Findlay Galleries Lends Fauve Work To Nassau County Museum of Art

1907 work La Ciotat-Paysage by Othon Friesz on view in NCMA show 'True Colors.'

PR Newswire

NEW YORK, July 26, 2018 /PRNewswire/ -- Othon Friesz's fauvist canvas, La Ciotat-Paysage (1907), on loan from Findlay Galleries, is now on view at that Nassau County Museum of Art in the show 'True Colors.'

La Ciotat-Paysage, 1907, oil on canvas, 18 1/8 x 15 inches

La Ciotat-Paysage is one of very few true fauvist canvases that Friesz produced from his time in the South of France. The work was painted at the height of this short-lived Fauve period, and represents this powerful movement of vibrant colors within the timeline of the show. 

"We are extremely grateful to Findlay Galleries for sharing this wonderful Friesz Fauve work with the Nassau County Museum of Art," said Charles Riley, museum director. "It is a stunning representation of an important movement in art history, and we are pleased to be able to share it as a valuable part of the show."  Over 100 works, from Titian to Matisse, Rothko to Warhol, adorn the walls of the museum for the show, creating a history of color as a means of expression, and revealing the immense power color has to move and excite.

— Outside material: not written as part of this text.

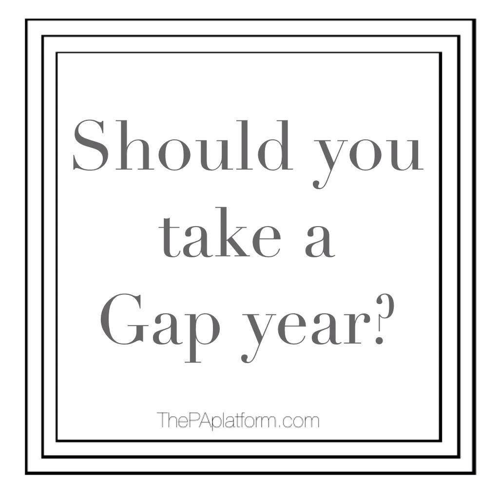 I was at a dinner tonight with PAs in my area and the question came up about whether it was a good idea to take a “gap year” to get experience and hours before applying to PA school, specifically between undergraduate graduation and starting a PA program. While taking a year off to work does make you a more competitive candidate, I personally think that if you have the minimum requirements, or are close to the minimum amount of hours, it is worth applying to the schools you really want to go to. Most people wanting to become PAs are very aware that many applicants end up having to apply more than once. I believe by applying initially, even if you don’t get in, if you were to have to reapply it makes you a stronger candidate. This gives you a chance to show that you have taken the time to improve your qualifications and that you are still interested in the program.

James Borynack, owner of Findlay Galleries, said: "Findlay Galleries has a long history of exhibiting Fauve works, and are honored to have the opportunity to be a part of this special exhibition. The work truly complements the rest of 'True Colors;' it is a perfect fit for the show."

La Ciotat-Paysage by Othon Friesz will be on view at the Nassau County Museum of Art as a part of the 'True Colors' show from July 20, 2018 to November 4, 2018. 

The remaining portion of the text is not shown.